Yes two seperate systems will be used, I understand the potential dangers of wood dust and some sort of ignition! I do not intend on employing anybody currently, I would imagine by the time I consider that a better workspace will be needed.

I can vent fine dust outside, it wont effect neighbours or the house fortunately, just an old building that will one day be demolished. I will also have an air filtration unit in the wood workshop to be used in winter to retain heat and then a large fan in the wall to circulate air in the summer as the building gets rather warm. The wood workshop has doors that shut it off from the metal workshop which is handy.
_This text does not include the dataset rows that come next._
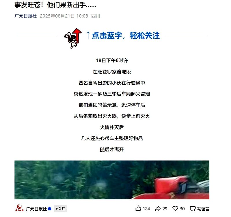 8月21日,《广元日报》详细地报道了这样一件令人振奋的事迹:在广元,一辆货车突发起火,危急关头,四位大学生挺身而出,毫不犹豫地投身到灭火救援之中,以英勇无畏的行动赢得了社会各界的广泛赞誉。尤为值得一提的是,其中一位见义勇为的英雄,正是来自bv伟德国际1946 2023 级药品经营与管理班的陈凤鸣同学。他用热血和担当,在这场意外的火灾面前,为新时代青年学子树立了光辉榜样,生动诠释了当代大学生的责任与使命,让青春在奉献中闪耀出最耀眼的光芒,...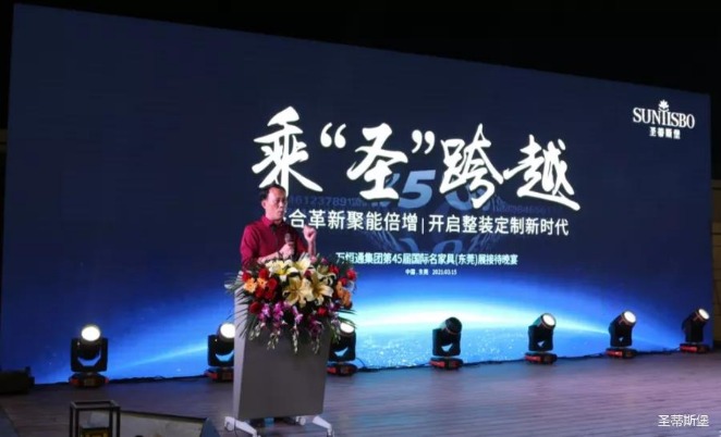 接下来,今年会jnh集团集团执行董事王浩基先生上台发言,他对当前家具行业现状以及集团未来规划进行了全面的阐述,他将带领团队亲自研发新品简奢系列,并通过人群定位、户型定位以及渠道拓展对简奢系列深入解析。同时,他表示时代在进步,产品研发一定要紧跟时代的风口,将移动+整装定制结合原创,坚持推陈出新,迎接未来新趋势。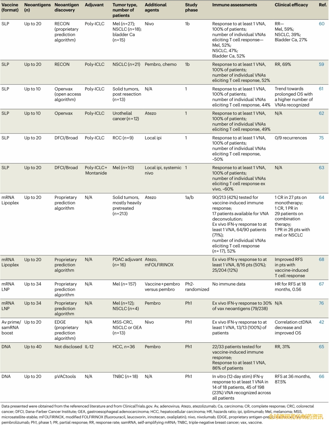 新抗原疫苗介导的辅助治疗中抗肿瘤活性的新兴证据

Spray painting is something I will eventually do but in a seperate space, I need to investigate it further but I know a proper set up is going to be a painful outlay!


----------



## Inspector (24 May 2016)

http://billpentz.com//woodworking/cyclone/index.cfm

More reading for you. Bill's site has the plans to make the cyclone separator and since you are handy with metal it shouldn't be an issue to make them. Don't buy the cartridge filters that come with the cheap asian dust collectors of any kind. They can't be cleaned by the filter cleaning companies that do it for industry and you have no guarantees they are rated in any way. Get proper industrial filters.

Pete


----------



## curtisrider (24 May 2016)

Cheers Pete, that looks very comprehensive. There is quite a lot of conflicting information online, it's sometimes hard to decide who actually knows what they are talking about.
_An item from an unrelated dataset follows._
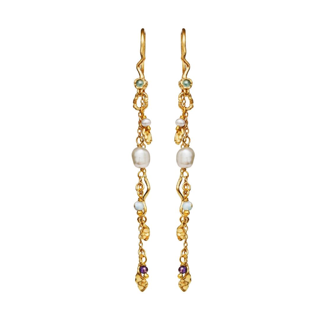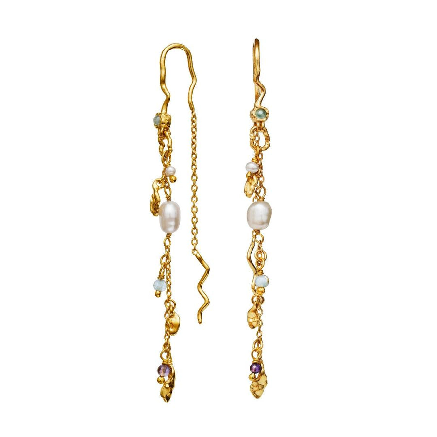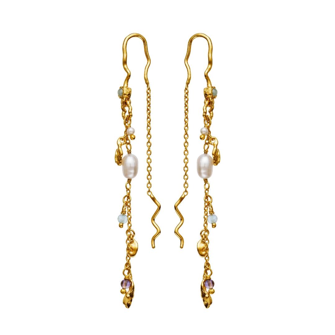 De Poppy oorbellen van Maanesten zijn een unieke en vrouwelijke sieradenkeuze. Ze hebben een unieke stijl waarbij de focus ligt op organische vormen, stenen en parels. De ketting is versierd met zoetwaterparels, synthetische aquamarijn en synthetische amethist, die samen met de fijne gedraaide gouden details voor een adembenemende look zorgen.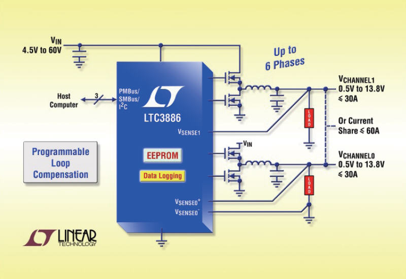 LTC3886은 프로그래밍이 가능한 루프 보정 및 I2C 기반의 PMBus 인터페이스를 탑재한 60V 입력 듀얼 출력 싱크로너스 스텝다운 DC/DC 컨트롤러이다.

Which filters would you recommend, this is fairly new territory to me so I don't really know what to go for.


----------



## Inspector (24 May 2016)

I don't know what you have available in Europe. I have Donaldson Torit .5 micron filters that I got form my last job that I will be incorporating into my system this coming winter, after the house is built. I had to have them cleaned and they are good for 3 or 4 more times. The guy cleaning and inspecting them said the Asian ones with the paddles etc., fall apart in his cleaning machine. Try some of the ones below.

http://www.cavendishfiltersltd.co.uk

http://www.dustcheck.com

http://www.c-airfiltration.co.uk

Pete

PS. Forgot to add the big boys all make their systems with the air going from the outside of the filter to the inside and not the other way around like the home dust collectors. Pattern your cartridge box / house the same.


----------